**Exercise inputs:**
== == ==
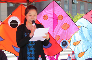 學(xué)生干部主持放飛儀式 | 現(xiàn)場(chǎng)參與放飛的風(fēng)箏愛好者 |
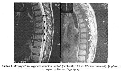 και σημαντικού βαθμού ατροφία της θωρακικής μοίρας του νωτιαίου μυελού
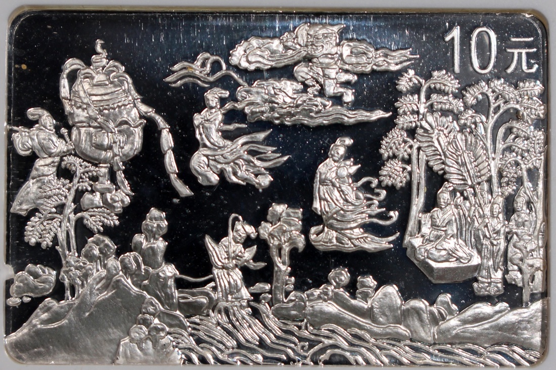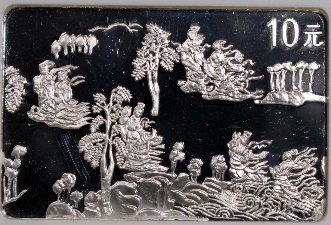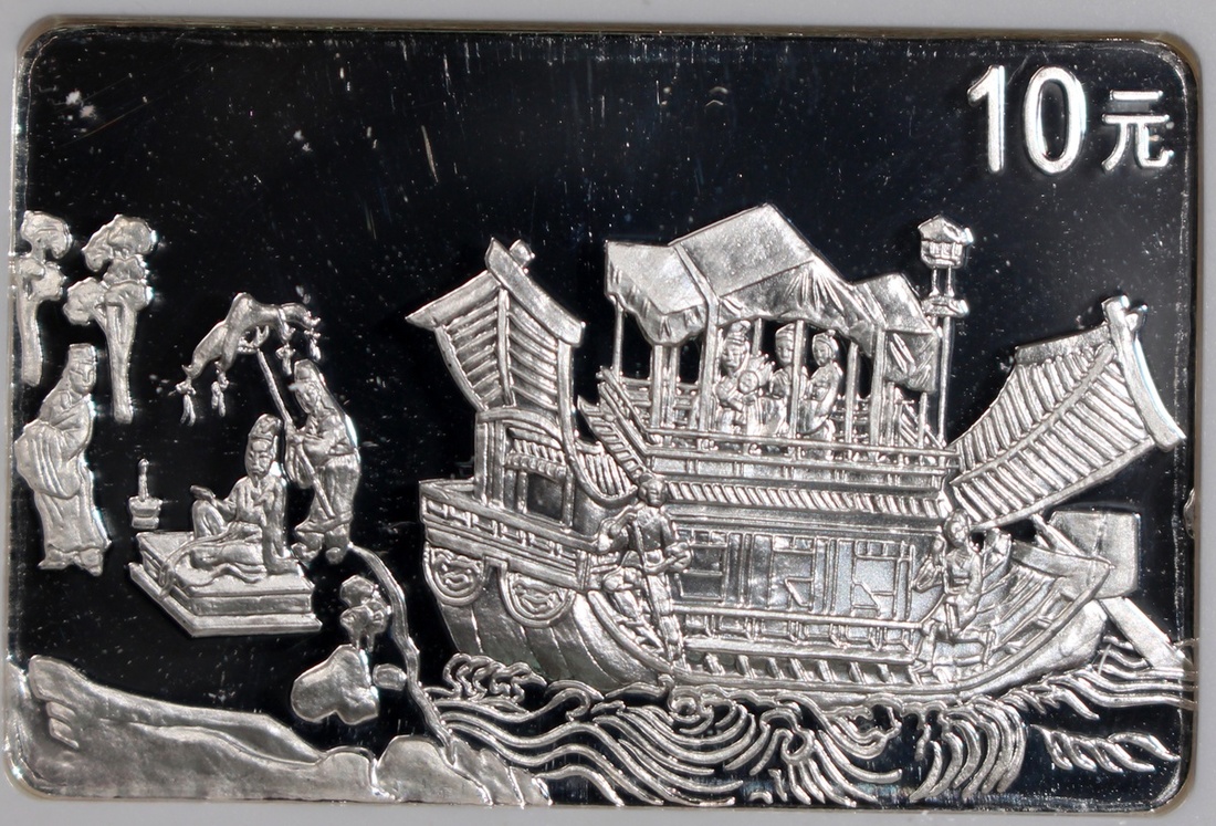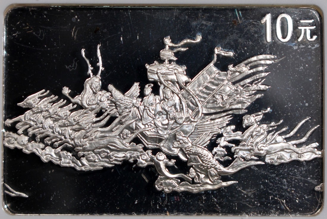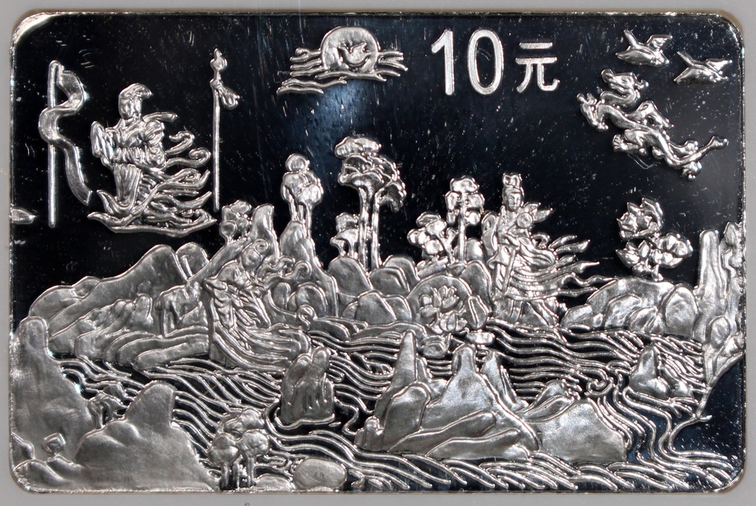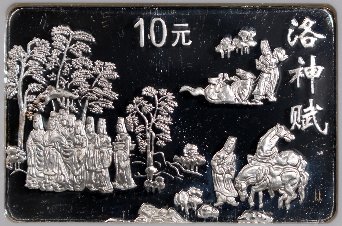 1999中國古代名畫《洛神賦圖》精鑄銀幣10元一套8枚,「歸程」、「追趕洛神」、「洛神離去」、「相見洛神」、「衆神演出」、「衆神嬉戲」、「洛神漫步」及「偶遇洛神」,總含銀量8盎司,附原盒及證書,分別評NGC PF 67 Ultra Cameo,67 Ultra Cameo,67 Ultra Cameo,68 Ultra Cameo,69 Ultra Cameo,68 Ultra Cameo,69 Ultra Cameo及69 Ultra Cameo,#6440809-022至6440809-029
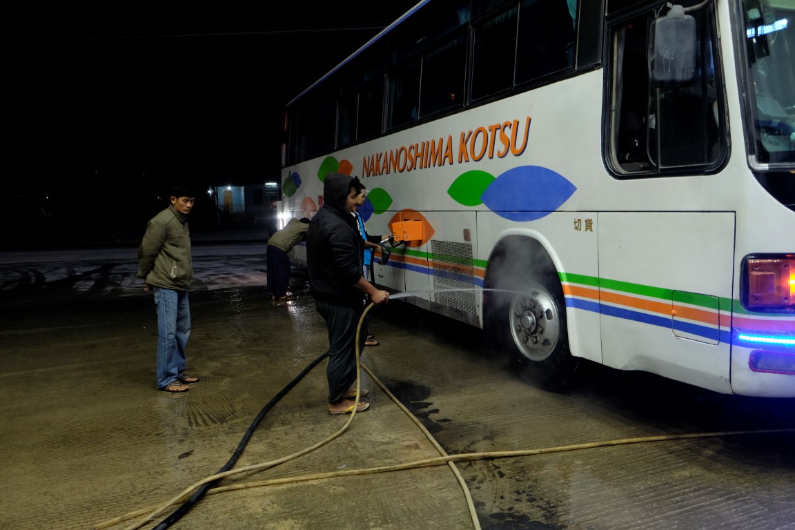 Autobuss gan atnāk stundu vēlāk nekā norādīts biļetē. Biju lūgusi vietu pie loga. Tā ir pie loga. Pēdējā rindā, blakus šķirbainām durvīm, kaudzei vietējo un kaudzei somu uz grīdas. Braucam palēkdamies, degvielas smakas pavadībā. Jūtu, ka šīs būs garas 12 stundas. Mierinu sevi, ka no negulēšanas un kratīšanās vēl neviens nav nomiris, un pēc 12 stundām šitas viss būs galā. Lai bremzes pēc brauciena pa serpentīna ceļiem ātrāk atdzistu, tām benzīntankā minūtes desmit tiek liets virsū auksts ūdens.
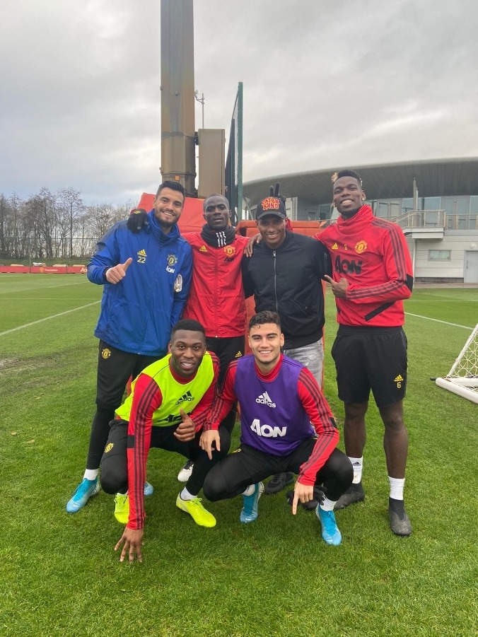 ส่วนอีกรูปในลห้องแต่งตัวร่วมกับ แดเนี่ยล เจมส์, อารอน วาน-บิสซาก้า, มาร์คัส แรชฟอร์ด, เจสซี่ ลินการ์ด, เนมานย่า มาติช, สกอตต์ แม็คโทมิเนย์ และ แอชลี่ย์ ยัง พร้อมแคปชั่น "พบหน้าเกลอเก่า"
== == ==
**Your objective:**
Repeat the exact lines from the first line of the data through the line containing "Cameo及69 Ultra Cameo,#6440809-022至6440809-029". Nothing else, no pictures.

**Written reply:**
 學(xué)生干部主持放飛儀式 | 現(xiàn)場(chǎng)參與放飛的風(fēng)箏愛好者 |
 και σημαντικού βαθμού ατροφία της θωρακικής μοίρας του νωτιαίου μυελού
 1999中國古代名畫《洛神賦圖》精鑄銀幣10元一套8枚,「歸程」、「追趕洛神」、「洛神離去」、「相見洛神」、「衆神演出」、「衆神嬉戲」、「洛神漫步」及「偶遇洛神」,總含銀量8盎司,附原盒及證書,分別評NGC PF 67 Ultra Cameo,67 Ultra Cameo,67 Ultra Cameo,68 Ultra Cameo,69 Ultra Cameo,68 Ultra Cameo,69 Ultra Cameo及69 Ultra Cameo,#6440809-022至6440809-029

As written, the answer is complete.